Having broken records at the Golden Globes earlier this month, the widely acclaimed movie musical La La Land has performed as predicted and secured 14 nominations for the 2017 Oscars, equalling the record for most nominations.
Damien Chazelle’s movie was given the nod for best picture, director, actor, actress, original screenplay, cinematography, costume design, film editing, original score, original song (twice, for both ‘City of Stars’ and ‘Audition’), production design, sound editing and sound mixing.
“I’m a little speechless,” said the 32 year old director Chazelle of his movie and its impressive haul, incredibly only his second full-length feature film after Whiplash. “I’m filled with gratitude.” His next project is widely reported to be a biopic about astronaut Neil Armstrong, and is set to see him work again with Ryan Gosling, the lead in La La Land.
As expected, 'La La Land' dominated the Oscars nominations with 14 nods
Gosling was, as widely predicted, nominated for Best Actor, along with Denzel Washington (Fences), Casey Affleck (Manchester By the Sea), Andrew Garfield (Hacksaw Ridge) and Viggo Mortensen (Captain Fantastic).
Emma Stone, Gosling’s co-star, was similarly nominated in the Actress category, with Natalie Portman (Jackie), Ruth Negga (Loving), Isabelle Huppert (Elle) and Meryl Streep (Florence Foster Jenkins) sharing the spotlight with her.
Such was La La Land’s dominance that almost everything else was eclipsed. In joint-second place for overall nominations were Moonlight and Arrival with eight nods apiece, with Lion, Hacksaw Ridge and Manchester By the Sea all picking up six nominations each.

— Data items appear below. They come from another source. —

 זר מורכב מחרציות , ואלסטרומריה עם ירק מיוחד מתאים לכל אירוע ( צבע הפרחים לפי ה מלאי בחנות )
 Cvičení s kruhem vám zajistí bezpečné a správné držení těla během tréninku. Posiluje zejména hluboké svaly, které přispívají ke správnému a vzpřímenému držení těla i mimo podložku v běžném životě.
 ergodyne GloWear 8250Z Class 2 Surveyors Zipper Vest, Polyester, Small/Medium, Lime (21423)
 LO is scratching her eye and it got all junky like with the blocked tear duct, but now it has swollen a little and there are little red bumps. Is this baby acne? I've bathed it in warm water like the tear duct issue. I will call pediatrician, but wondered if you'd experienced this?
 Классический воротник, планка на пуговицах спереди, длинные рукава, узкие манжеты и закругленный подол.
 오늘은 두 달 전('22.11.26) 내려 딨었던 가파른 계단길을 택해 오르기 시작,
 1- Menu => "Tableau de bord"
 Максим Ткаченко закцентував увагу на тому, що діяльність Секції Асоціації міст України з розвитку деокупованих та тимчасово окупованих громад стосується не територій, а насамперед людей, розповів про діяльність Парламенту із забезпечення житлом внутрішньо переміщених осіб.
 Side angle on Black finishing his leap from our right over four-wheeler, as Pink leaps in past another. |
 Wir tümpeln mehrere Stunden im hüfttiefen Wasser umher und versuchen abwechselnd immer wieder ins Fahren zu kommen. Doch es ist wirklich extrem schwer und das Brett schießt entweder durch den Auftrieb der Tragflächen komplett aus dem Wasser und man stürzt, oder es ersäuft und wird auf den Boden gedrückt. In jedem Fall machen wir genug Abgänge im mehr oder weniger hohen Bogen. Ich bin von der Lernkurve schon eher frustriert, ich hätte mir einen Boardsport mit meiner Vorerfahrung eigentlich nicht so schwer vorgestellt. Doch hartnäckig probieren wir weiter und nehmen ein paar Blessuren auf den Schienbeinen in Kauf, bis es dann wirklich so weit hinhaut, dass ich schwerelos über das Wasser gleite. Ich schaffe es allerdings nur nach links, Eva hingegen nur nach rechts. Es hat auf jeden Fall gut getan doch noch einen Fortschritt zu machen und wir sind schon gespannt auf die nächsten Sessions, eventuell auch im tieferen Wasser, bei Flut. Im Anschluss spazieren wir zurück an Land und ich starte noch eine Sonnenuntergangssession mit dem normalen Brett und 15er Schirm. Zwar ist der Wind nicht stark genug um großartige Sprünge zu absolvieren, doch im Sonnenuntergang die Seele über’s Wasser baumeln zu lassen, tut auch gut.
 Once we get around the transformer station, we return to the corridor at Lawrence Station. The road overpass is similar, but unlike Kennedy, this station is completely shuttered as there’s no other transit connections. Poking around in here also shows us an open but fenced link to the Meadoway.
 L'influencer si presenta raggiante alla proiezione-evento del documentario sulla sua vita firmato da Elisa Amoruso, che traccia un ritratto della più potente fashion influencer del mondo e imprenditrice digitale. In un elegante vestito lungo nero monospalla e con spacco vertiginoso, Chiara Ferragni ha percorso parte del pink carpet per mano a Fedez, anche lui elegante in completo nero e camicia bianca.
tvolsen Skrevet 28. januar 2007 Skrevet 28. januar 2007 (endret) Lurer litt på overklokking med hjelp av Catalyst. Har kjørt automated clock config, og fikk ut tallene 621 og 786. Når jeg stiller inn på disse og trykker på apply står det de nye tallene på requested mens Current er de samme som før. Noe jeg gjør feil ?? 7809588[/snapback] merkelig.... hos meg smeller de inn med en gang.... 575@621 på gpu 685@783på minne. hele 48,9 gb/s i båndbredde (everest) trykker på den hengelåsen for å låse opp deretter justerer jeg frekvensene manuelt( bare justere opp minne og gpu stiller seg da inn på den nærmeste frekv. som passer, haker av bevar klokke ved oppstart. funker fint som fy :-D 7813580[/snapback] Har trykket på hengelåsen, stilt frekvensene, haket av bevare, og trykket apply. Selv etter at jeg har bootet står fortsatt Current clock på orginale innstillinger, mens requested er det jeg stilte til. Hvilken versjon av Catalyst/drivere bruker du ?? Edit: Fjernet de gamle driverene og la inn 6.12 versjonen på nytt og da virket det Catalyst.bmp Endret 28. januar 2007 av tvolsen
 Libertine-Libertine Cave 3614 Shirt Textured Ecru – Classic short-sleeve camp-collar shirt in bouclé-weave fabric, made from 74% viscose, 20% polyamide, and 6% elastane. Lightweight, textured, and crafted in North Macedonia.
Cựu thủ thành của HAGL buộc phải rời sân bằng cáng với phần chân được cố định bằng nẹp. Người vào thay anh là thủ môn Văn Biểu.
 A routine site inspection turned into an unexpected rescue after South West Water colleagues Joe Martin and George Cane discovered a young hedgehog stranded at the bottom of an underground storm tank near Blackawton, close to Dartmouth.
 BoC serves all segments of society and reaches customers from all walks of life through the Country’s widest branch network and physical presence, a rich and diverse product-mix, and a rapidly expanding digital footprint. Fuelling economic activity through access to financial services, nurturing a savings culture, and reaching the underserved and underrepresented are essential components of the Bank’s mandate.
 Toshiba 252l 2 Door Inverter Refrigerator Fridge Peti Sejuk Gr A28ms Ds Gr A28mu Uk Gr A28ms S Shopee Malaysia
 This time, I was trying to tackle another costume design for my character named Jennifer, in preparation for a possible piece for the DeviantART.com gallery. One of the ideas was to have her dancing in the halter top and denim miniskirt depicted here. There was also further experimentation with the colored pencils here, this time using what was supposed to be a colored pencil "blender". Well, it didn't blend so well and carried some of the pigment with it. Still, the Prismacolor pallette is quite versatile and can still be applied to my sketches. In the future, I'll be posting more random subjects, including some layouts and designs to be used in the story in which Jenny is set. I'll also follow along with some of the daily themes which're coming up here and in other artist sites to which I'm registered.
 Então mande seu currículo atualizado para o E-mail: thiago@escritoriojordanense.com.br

The other main news was an increased diversity in the acting and directing categories that seems, for now at least, to have headed off the ‘#OscarsSoWhite’ controversy that has dogged the Academy for the last two years. Seven actors and directors received nods in the primary categories – a big step up from none at all in 2015 and 2016.
“It’s lovely to see the work that’s nominated reflect the world at large,” Moonlight director Barry Jenkins, who was nominated in the director and picture categories, said. “But it’s difficult: the films this year won’t be the same films as next year. We just have to be diligent and be mindful of these different voices and different kinds of work.”